A one‐carbon modification of protein lysine associated with elevated oxidative stress in human substantia nigra

We describe for the first time a naturally occurring lysine modification that is converted to methyllysine by reduction with sodium borohydride. This modification is ∼1.7 times as abundant in soluble proteins from human substantia nigra pars compacta as in proteins from other brain regions, possibly as a result of elevated oxidative stress in the nigra. Proteins from cultured PC12 cells exposed to oxidative stress conditions also contain elevated levels of this lysine modification. The abundance of the naturally occurring modification is roughly 0.08 nmoles/mg protein in either unstressed brain or PC12 cells. Modification levels remain stable in isolated proteins incubated for 2 h at 37°C in pH 7 buffer. We propose that the endogenous modification is the lysine Schiff base, ε‐N‐methylenelysine, and that lysine modifications may result from a reaction with formaldehyde in vivo.
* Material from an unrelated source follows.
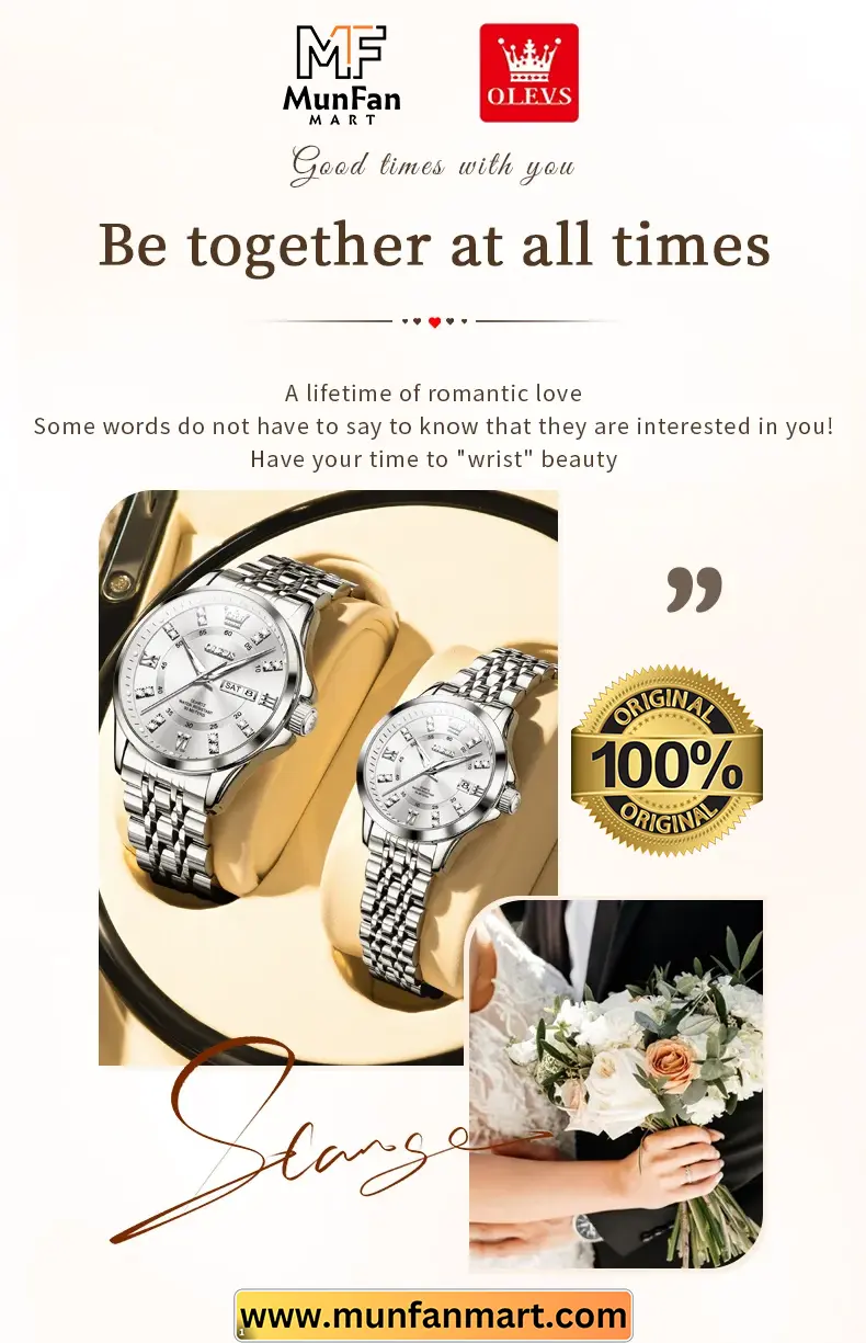 In the world of horology, the olevs 3620 original quartz design Couple Premium Watch stands out as a testament to style, precision, and durability. This timepiece, crafted by the renowned brand OLEVS, merges classic design with modern features, making it an ideal choice for loving Couple. In the above, we discuss about the specifications, price and unique attributes that make the OLEVS 3620 a noteworthy addition to any watch collection at bangladesh.

Rat brain contains ∼60 nmoles/g wet weight of formaldehyde, which probably includes both free and reversibly bound forms. Adding ∼35 µm HCHO to PC12 cell growth medium introduces methylenelysine modifications in cell proteins and impairs cell viability. The existence of this post‐translational modification suggests new mechanisms of oxidative stress that may contribute to tissue degeneration, including loss of nigral dopamine neurons during normal aging and in Parkinson's disease.